HENLEY-ON-THAMES It's one of England's great days out: a combination of gruelling sports event and high-society picnic.
While Olympic rowers and plucky amateurs did battle along the Thames on Friday, thousands of champagne-fuelled spectators lined the banks to cheer them on at the Henley Royal Regatta.
The sun shone, the Pimms flowed freely, the ladies showed off their hats and dresses and the gentlemen squeezed into old blazers for this annual summer fixture, whose roots stretch back to a maritime past when Britannia ruled the waves.
"It's an international regatta, a national regatta, a place for reunions and anniversaries all rolled into one," said Henley Chairman Mike Sweeney.
Off the water, competitors and spectators must adhere to the strict rules that have traditionally governed the dress and comportment of the British upper classes at play.

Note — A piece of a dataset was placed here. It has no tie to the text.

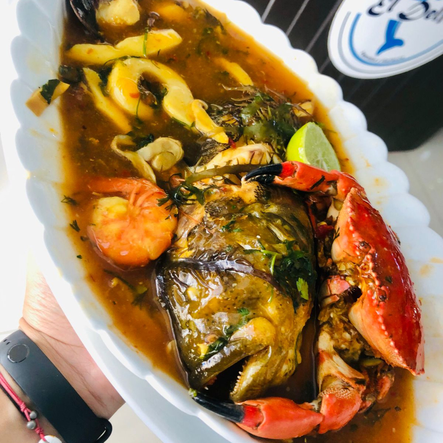 Cangrejo sazonado con sal, pimienta cocido con cebolla, tomate en gajos, salsa madre, fumet de pescado, zapallito loche, chicha de jora, culantro, cebolla china y yuca sancochada, viene acompañado con una porción de arroz.

Guests and members who are admitted to the Stewards' Enclosure, where there are grandstands, deck chairs, champagne bars and restaurants, must look the part.
"Gentlemen are required to wear lounge suits, or jackets or blazers with flannels, and a tie or cravat," say the instructions on Henley's website.
Many wear their old rowing club blazers: the enclosure is festooned with the tasteful dark and light blues of Oxford and Cambridge, but also a host of garish jackets in every colour of the rainbow - striped, plain and patterned.
"Ladies are required to wear dresses or suits with a hemline below the knee and will not be admitted wearing divided skirts, culottes or trousers of any kind," the website states.
Chancers are told in no uncertain terms that the following items are beyond the pale: jeans, shorts, the use of mobile phones, children and journalists.
Out on the water, Henley favourite and London 2012 Olympic gold medal-winning single sculler Mahe Drysdale from New Zealand lost to rival Aleksandar Aleksandrov from Azerbaijan, while British Olympic bronze medallist Alan Campbell, 30, confessed to nerves after surviving a false start and winning through to the semi-finals.
For top athletes like Drysdale, Campbell, British gold medallist Helen Glover and others competing on Friday, rowing at Henley the year after the Olympics is a chance to have fun, enjoy the rare admiration and roar of a crowd at a non-Olympic rowing event, or restart a training programme.
Drysdale, 34, told Reuters he had had a long layoff since the Olympics and his entry was the opportunity to gauge what he needs to do to get back into shape for Rio in 2016.
"I took that break knowing that I wanted to continue and I'm back in the boat and committed to another four years," he said.
Established in 1839 before international or national rowing associations evolved, Henley abides by its own rules for the sport, but enjoys the recognition of rowing's leading bodies.
Unlike the multi-lane courses at the Olympics, competitors here race only one other boat at a time in knock-out heats along a course of 1 mile and 550 yards, a bit longer than the standard international distance of 2000 metres.
There are 20 events in total, comprising challenges for crews of eight, four, two and single sculls.
A break in competition for lunch is strictly observed, with restaurants, bars and other eateries on site. But Henley's most sought-after invites are to the traditional summer picnics on the grassy car park behind the regatta.
Surrounded by his two daughters, wife, friends and a hamper stuffed with food, Henley stewards' member Nigel White told Reuters he has been coming back since 1979 to see friends from his old university crew, have a family day out and wax nostalgic about the glory days when he rowed here.
"Once you're a member you never give it up."